[Start of Attachment]

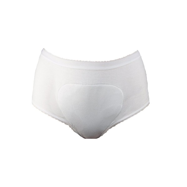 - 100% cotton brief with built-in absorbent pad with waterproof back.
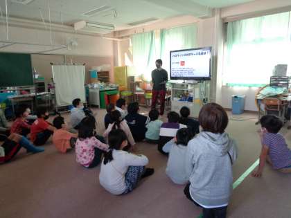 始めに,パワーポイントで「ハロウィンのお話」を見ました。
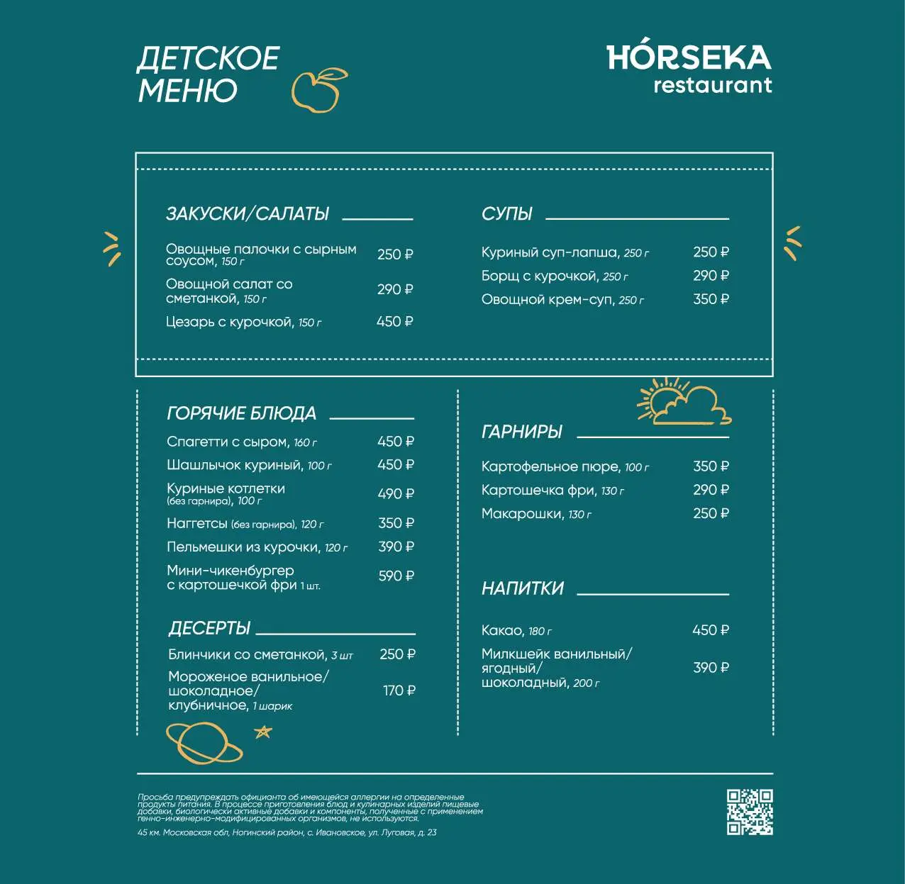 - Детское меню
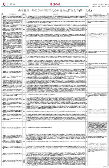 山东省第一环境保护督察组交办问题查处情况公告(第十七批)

[End of Attachment]
[Start of Attachment]

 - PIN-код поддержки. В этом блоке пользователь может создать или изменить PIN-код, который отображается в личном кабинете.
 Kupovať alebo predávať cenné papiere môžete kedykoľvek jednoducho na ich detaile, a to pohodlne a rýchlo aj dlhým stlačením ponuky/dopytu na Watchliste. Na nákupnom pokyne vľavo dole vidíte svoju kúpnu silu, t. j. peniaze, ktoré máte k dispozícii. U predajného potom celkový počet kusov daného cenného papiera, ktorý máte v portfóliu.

[End of Attachment]

Transcribe the listing above exactly, but only from the line with "- 100% cotton" through the line with "山东省第一环境保护督察组交办问题查处情况公告(第十七批)". Include both of those lines and omit the pictures.

 - 100% cotton brief with built-in absorbent pad with waterproof back.
 始めに,パワーポイントで「ハロウィンのお話」を見ました。
 - Детское меню
 山东省第一环境保护督察组交办问题查处情况公告(第十七批)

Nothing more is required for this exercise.